Earlier, he tells me, he'd been watching one about Napoleon, though the face on screen now belongs to Gloria Swanson, her vast eyes flittering and blinking, in a thousand tiny adjustments.
To the score of tiptoeing oboes and yearning strings, smoke from Eggleston's American Spirit cigarettes, most burnt black to the filter, rolls sluggishly towards the open window. Five floors below, the virgin forest and glittering greensward of Overton Park unspool into the afternoon sun.
Eggleston - the scion of cotton-growing aristocracy in the Mississippi Delta, the legendary artist who is considered the father of serious colour photography - will be 80 in July.
He is thin but not weedy, and tall. Later, I ask how tall, apropos of chat concerning his dislike (putting it mildly) of 'blue jeans' (his term; accent on the blue) - a garment he is, he says derisively, "several notches above wearing". He would look ridiculous, he insists. "Not that I don't now."
Ridiculous is not a word you would ever use to describe this eyeful of a man, or his attire. Eccentric, perhaps, if you take into account the silver-top walking cane ("it doesn't have a dagger inside," he says, apologetically), and a pair of gold opera glasses on the sofa beside him. "For watching television," he says, noticing me looking at them, though I think he is joking.
In person, he is genteel and precise, if sometimes ill at ease, apt to pull down an iron curtain of silence when the mood takes him. His shirt is crisp and ferociously white; his shoes are polished and show not a crease or a scuff.
His suit trousers (formerly Savile Row, though these days more likely to be by his friend Stella McCartney) are cut to perfection, cloaking a pair of long, elegant legs. He wears his pink polka-dotted navy silk bow tie undone, as is his custom.
Over the years, Eggleston has been likened to the rakish Rhett Butler from Gone with the Wind (released the year he was born, in 1939) and Basil Rathbone (the same tight jaw and piercing eyes).
There's a dash of Gregory Peck, too, particularly in the eyebrows, which, once Eggleston is a bourbon down, begin to leap around his forehead in the manner of air quotes. "If I was as dramatic-looking as Bill Eggleston," his friend the pop artist Ed Ruscha once remarked, "I'd probably do nothing but photograph myself."

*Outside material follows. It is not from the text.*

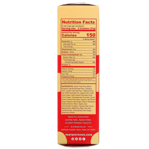 Inform when this item available: Partake, Soft Baked Cookies, Chocolate Chip, 5.5 oz (150 g) - 155.92 g / 0.2 / 0.43

We have met, ostensibly at least, to talk about some of his early photographs, which are about to be exhibited at David Zwirner in London, the dealer to whom he defected from Gagosian three years ago.

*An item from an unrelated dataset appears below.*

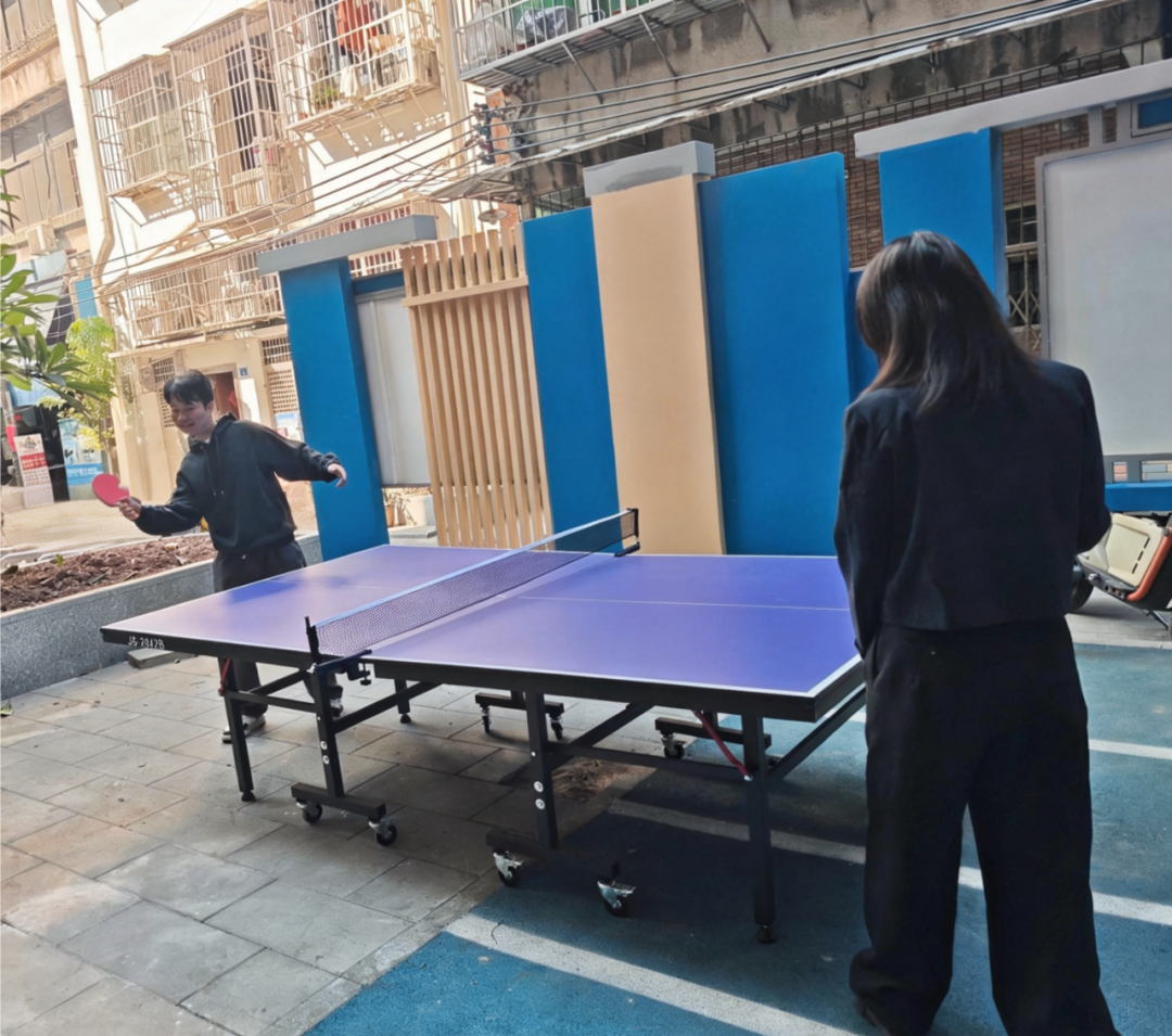 金花街道在社区内精心打造了一处乒乓球运动点,为居民提供便捷的“家门口”健身选择。

The pictures, from a series titled Two and One Quarter, have been culled from many thousands he made between 1966 and 1971 with a Hasselblad camera (he usually favours a Leica, though owns practically every film camera ever made).
They range all over the US, but were chiefly taken in and around Memphis and the Delta, where, bar a stint in New York's Chelsea Hotel in the 1970s and trips to Europe and the Far East, he has lived most of his life. Eggleston and I look through the proof prints together. "Let me tell you a story I think you'd like," he says, remembering the dancer Marcia Hare, whose breeze-blown hair and heavy-lidded eyes gaze up at us from the table.
She's the one he later photographed stretched out on the grass in a flower-sprigged dress, like some exquisite Pre-Raphaelite corpse. Hare was on Quaaludes at the time, a fashionable sedative that Eggleston and his friends were devoted users of in the 1970s. If you've seen Martin Scorsese's The Wolf of Wall Street, it's the drug that renders Leonardo DiCaprio unable to speak or walk.